Standards For Speech Development Lowered By The CDC
Not since 2005, the year it was introduced, has the Center for Disease Control (CDC) updated their developmental milestone guidelines for children in their Learn the Signs. Act Early program. According to the American Academy of Pediatrics (AAP), who worked alongside the CDC with these updates, the goal of this much-needed update was to make it easier for parents and healthcare providers to catch signs of autism earlier.
Not since 2005, the year it was introduced, has the Center for Disease Control (CDC) updated their developmental milestone guidelines for children in their Learn the Signs. Act Early program. According to the American Academy of Pediatrics (AAP), who worked alongside the CDC with these updates, the goal of this much-needed update was to make it easier for parents and healthcare providers to catch signs of autism earlier. Another goal was also to give parents a list of milestones they can measure their child’s development against. What they did, though, and what has caused a bit of a firestorm, is also lower speech development standards.
In their update, the CDC and the AAP first raised the percentages of kids who regularly meet the set milestones from 50 percent to 75 percent. This means the two organizations feel most young kids are developing well within their age groups. Another thing the organizations added were two age milestones not seen in the original guideline – 15-month-olds and 30-month-olds. This is where some feel standards were lowered.
According to a tweet from BowTiedRanger, “The CDC just quietly lowered the standards for speech in early childhood development.” They went on to say, “Now children should know 50 words at 30mo rather than 24mo.” But the main issue they wanted to point out was, “Instead of highlighting the harmful effects [picture of a masked emoji] & lockdowns have had on children, the CDC just lowered the bar for milestones.”
So, let’s unpack the first complaint. Yes, the standards have been lowered in the newest CDC speech development milestone guidelines. Previously, the 50-word vocabulary was set for 18-23 months. You can see the standards below, laid out by Stanford Children’s Health, but based on the earlier CDC guidelines.
In the CDC update, you can see in the following slide where they have moved the 50-word speech development milestone to 30-months. We have also included the 15-month, 18-month, and 2-years old milestone guidelines for comparison. Take a look.
The CDC and AAP did not go about these changes in a haphazard form, as some may think. “This has been a need that is long overdue,” Paul Lipkin, a pediatrician, director of medical outpatient services at Baltimore’s Kennedy Krieger Institute, claims to The Washington Post. “We wanted to take a close look at all the data and milestones through multiple sources to come up with what we think is an accurate reflection of a child’s development.” Lipkin was one of 13 experts who worked with the CDC and AAP to update the milestone guidelines.
Their focus on these new guidelines was to make possible speech development delay detection easier to recognize.
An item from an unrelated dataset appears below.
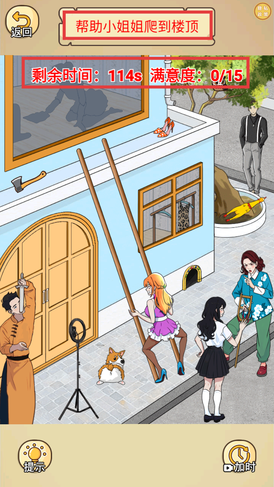 2、进入【帮助小姐姐爬到楼顶】任务,关注【剩余时间-114s】与【满意度-0/15】,规划行动。
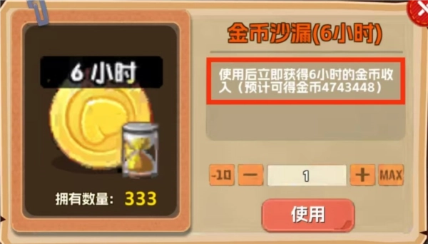小技巧:金币沙漏的效果是根据当前主线进度,一次性发放6小时的金币收入。建议不要领取后立刻使用,前期升级速度快,多囤几天再用,性价比会更高。

The earlier discovered the earlier treatment can begin. “The earlier a child is identified with a developmental delay the better, as treatment as well as learning interventions can begin,” Lipkin commented in an AAP News press release. “At the same time, we don’t want to cause unnecessary confusion for families or professionals. Revising the guidelines with expertise and data from clinicians in the field accomplishes these goals. Review of a child’s development with these milestones also opens up a continuous dialogue between a parent and the health care provider about their child’s present and future development.”
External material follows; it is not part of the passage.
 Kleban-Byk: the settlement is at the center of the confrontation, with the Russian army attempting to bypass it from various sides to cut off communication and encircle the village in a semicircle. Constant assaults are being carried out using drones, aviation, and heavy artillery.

More than likely, it was an unintended firestorm, the lowering of speech development standards, but it happened, nevertheless. It looks, though, like the issue may not be so much with the speech development guideline change, but the cause of such a drastic change – the mask mandates. Those who are against such mandates, calling them cruel and child abuse, claim that masking an adult while a child is developing their speech has had a major impact on young children.
They are not alone in their thought, as we reported on earlier. Jaclyn Theeck, speech-language pathologist and clinical director at the Speech and Learning Institute, Inc. in North Palm Beach, Florida, says not only have they seen a huge shift in the ages of their patients, but referrals to her office have shot up drastically. Prior to the COVID pandemic, Theeck estimates only 5% of her patients were babies or toddlers. As the pandemic continued to rage, she said that number jumped to 20%. Shockingly, Theeck says her baby and toddler referral rate from pediatricians has jumped 364%.
So, while the CDC, AAP, and other professionals believe the guidelines were in need of updating, the reasons behind it, many believe, are suspect. Are masks doing more harm than good? Many think so and they have numbers to back it up.